Raisin, a Fintech platform that allows users to find the best savings interest rate regardless of location, has issued a statement on the European Central Bank’s (ECB) move to drive rates lower. Raisin, commenting on the EBCs recent rate cut, said that “tensions abroad and at home hinder EU planning [and] pressure spurs talk of recession.”

As quantitative easing returns and negative interest rates impact savers, Raisin says more people are looking to Fintechs for solutions.

Dr. Tamaz Georgadze, CEO of Raisin, said his platform is experiencing increasing demand for services.

“[Our platform] enables financial institutions to deliver better rates to their customers, and to avoid penalties by reducing their excess cash — for instance by making our third-party deposit offers available on their own platforms.”

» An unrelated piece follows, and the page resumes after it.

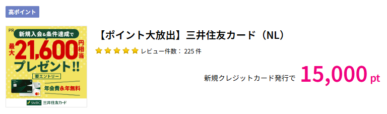 ノーマルカードの三井住友カードNLはハピタスで、公式特典の最大21,600円相当とは別に、15,000円相当のポイント、合計で最大36,600円相当が獲得できます。
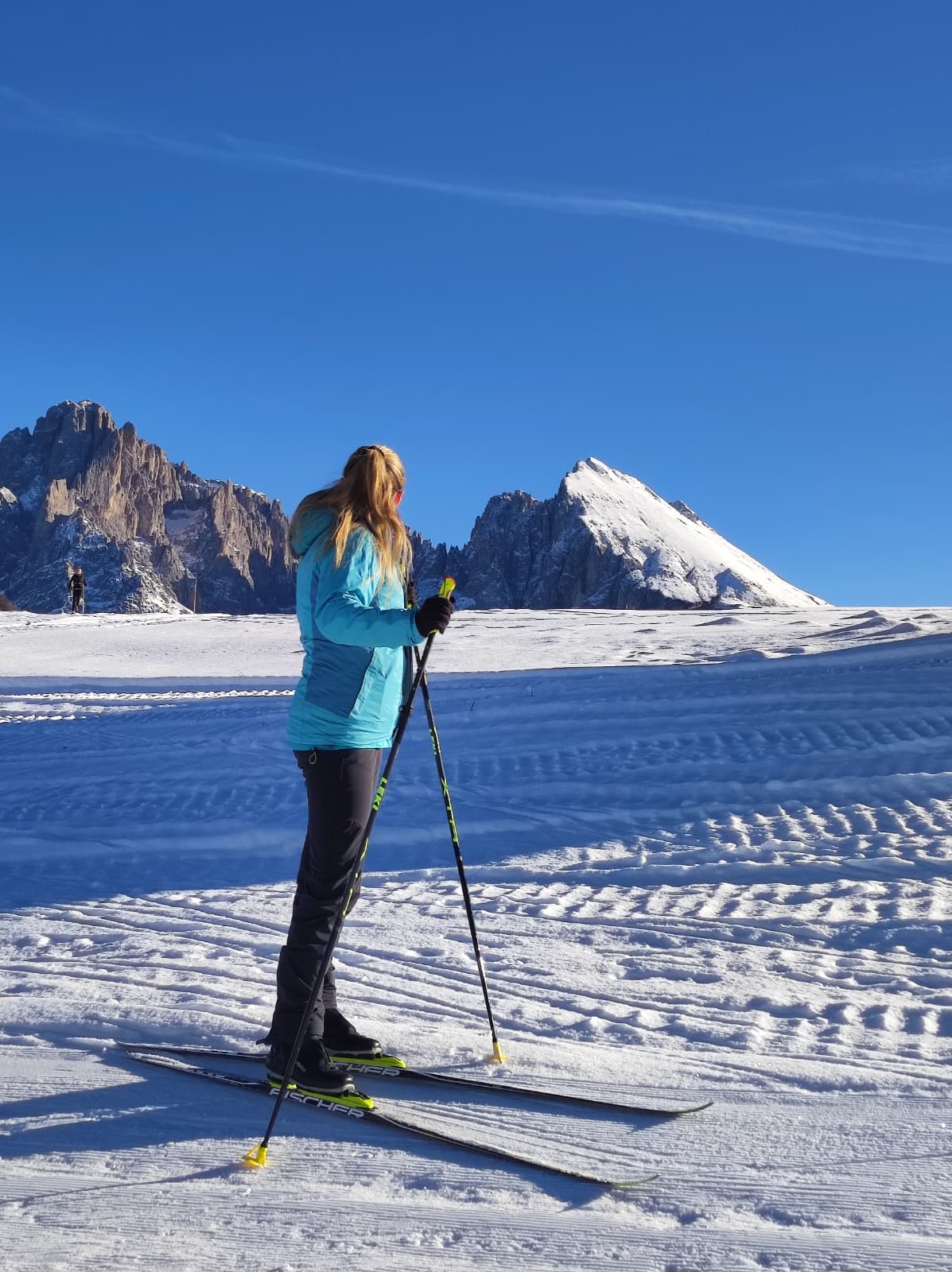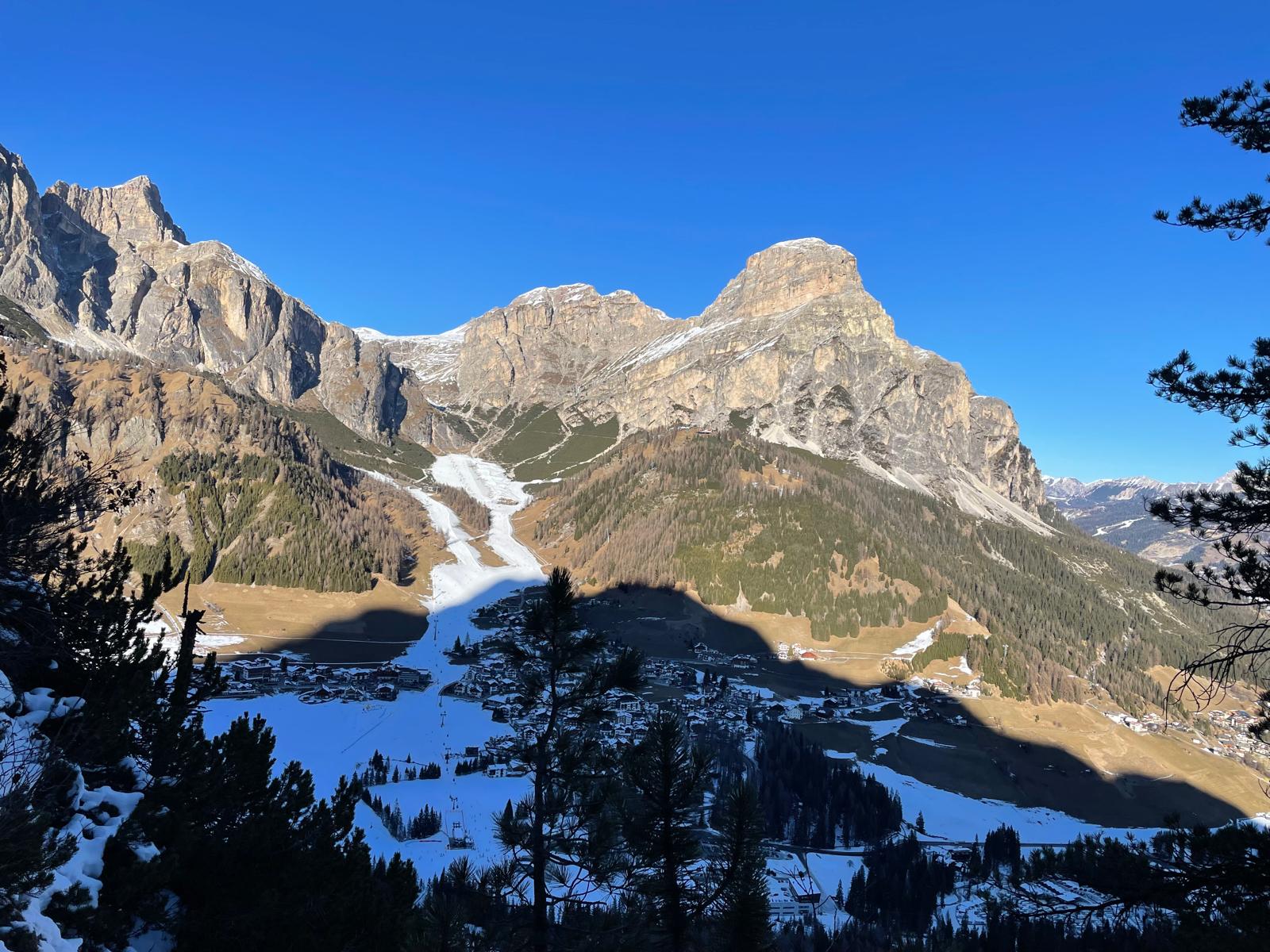 Tako smo se zgodaj zjutraj odpravili v Colfosco proti Damoklejevemu meču. Tudi če smo bili relativno zgodnji smo kar eno uro čakali, da smo lahko varno vstopili v smer. In se je začelo…

Raisin states that Brexit drama and economic uncertainties in Europe are having an impact. The trade ware between China and the US doesn’t help.

In the EU’s largest economy, Germany, exports are being hit hard by the trade war and there are indications of a coming recession.

“While the ECB extends its negative interest penalties still further, despite mounting concerns about the strategy, the unpredictable political situations both in Britain and between China and the United States present new challenges to long-term planning for European governments,” states Raisin.

Regarding retail savings rates, 12 European countries are under 0.2%. Banks, on average, are offering customers less than 0.3% interest.

France and Belgium both continued their upward trends, while Finland, as well as the UK, Romania, Czech Republic and Poland outside the EU zone, all showed significantly higher retail rates than elsewhere in Europe, from 0.99% and up.

Raisin says that both France’s and the Netherlands’ higher retail rates, at a “notable variance from the rest of Western Europe, represent state subsidies to savings plans and real-estate-related savings respectively, and are thus not actual outliers but, in effect, statistical disturbances.”

Germany, after several flat months, has fallen to 0.1% (-20 bps from one year ago), with Ireland, already at the bottom, now even further down at 0.03%, and Spain still hovering at a dismal 0.04%.

Portugal, Belgium, Austria, Slovenia, and Lithuania, plus outside the Eurozone Sweden, Denmark, Hungary, and Bulgaria, are also all under 0.2%.

Slovakia took a big hit dropping -61 basis points, Cyprus extended its decline, and Estonia flattened out again after a recent upward bounce. Luxembourg’s rates meanwhile continued on a rollercoaster, up 175% from one month to the next, half a year ago, then down 27%, and now up 26 bps (+433%) in the ECB’s most recent data (June).